3D Gaussian Splatting (GS) demonstrates excellent rendering quality and generation speed in novel view synthesis. However, substantial data size poses challenges for storage and transmission, making 3D GS compression an essential technology. Current 3D GS compression research primarily focuses on developing more compact scene representations, such as converting explicit 3D GS data into implicit forms. In contrast, compression of the GS data itself has hardly been explored. To address this gap, we propose a Hierarchical GS Compression (HGSC) technique. Initially, we prune unimportant Gaussians based on importance scores derived from both global and local significance, effectively reducing redundancy while maintaining visual quality.
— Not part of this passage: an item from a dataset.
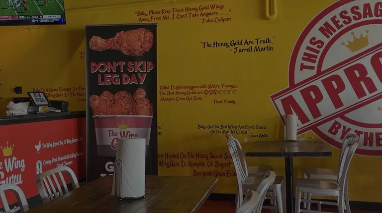 When I walked into the Wing Guru store the woman behind the register was on a phone interview to get another job because "she needed to get out of this restaurant". She had a Bluetooth earpiece in her ear and never greeted or said anything to me. The restaurant was empty and a little messy. I waited about 5-7 minutes at the counter while listening to the woman's phone interview (who let the other person know that she "was an assistant manager). I left the store. (But things did not get better at the other wing establishment across the street). Both 901 Wings and Wing guru should be shut down!
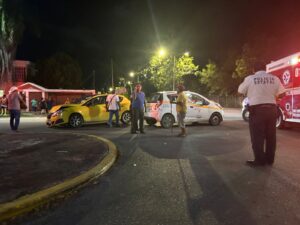Chetumal (Marcrix Noticias).- Un fuerte accidente vehicular aconteció frente a la Casa de Gobierno en Chetumal, entre un automóvil particular y un taxi del SUCHA.

An Octree structure is used to compress 3D positions. Based on the 3D GS Octree, we implement a hierarchical attribute compression strategy by employing a KD-tree to partition the 3D GS into multiple blocks. We apply farthest point sampling to select anchor primitives within each block and others as non-anchor primitives with varying Levels of Details (LoDs). Anchor primitives serve as reference points for predicting non-anchor primitives across different LoDs to reduce spatial redundancy. For anchor primitives, we use the region adaptive hierarchical transform to achieve near-lossless compression of various attributes. For non-anchor primitives, each is predicted based on the k-nearest anchor primitives. To further minimize prediction errors, the reconstructed LoD and anchor primitives are combined to form new anchor primitives to predict the next LoD. Our method notably achieves superior compression quality and a significant data size reduction of over 4.5 times compared to the state-of-the-art compression method on small scenes datasets

3D Gaussian Splatting (GS) 在新视图合成中表现出卓越的渲染质量和生成速度。然而,其巨大的数据规模对存储和传输提出了挑战,使得 3D GS 数据压缩成为一项关键技术。目前的 3D GS 压缩研究主要集中于开发更紧凑的场景表示形式,例如将显式的 3D GS 数据转化为隐式形式。而对 GS 数据本身的压缩尚未得到充分探索。 为填补这一空白,我们提出了一种 分层高斯分布压缩技术 (Hierarchical GS Compression, HGSC)。首先,我们通过基于全局和局部重要性得分的筛选机制裁剪不重要的高斯基元,减少冗余同时保持视觉质量。随后,我们采用八叉树 (Octree) 结构对 3D 位置进行压缩。在基于 3D GS 八叉树的基础上,我们通过使用 KD 树将 3D GS 数据分块,实施分层属性压缩策略。在每个块内,我们通过最远点采样选取锚点基元 (anchor primitives),其余为不同细节级别 (Levels of Details, LoDs) 的非锚点基元。 锚点基元作为参考点,用于预测不同 LoD 的非锚点基元,以减少空间冗余。对于锚点基元,我们采用区域自适应分层变换技术,实现对多种属性的近无损压缩。而对于非锚点基元,我们基于 k 个最近锚点基元进行预测。为进一步减少预测误差,结合重建的 LoD 和锚点基元形成新的锚点基元,进一步预测下一级 LoD。 实验表明,我们的方法在小规模场景数据集上实现了显著的数据压缩效果,与最先进的压缩方法相比,数据规模减少了超过 4.5 倍,同时保持了优越的压缩质量。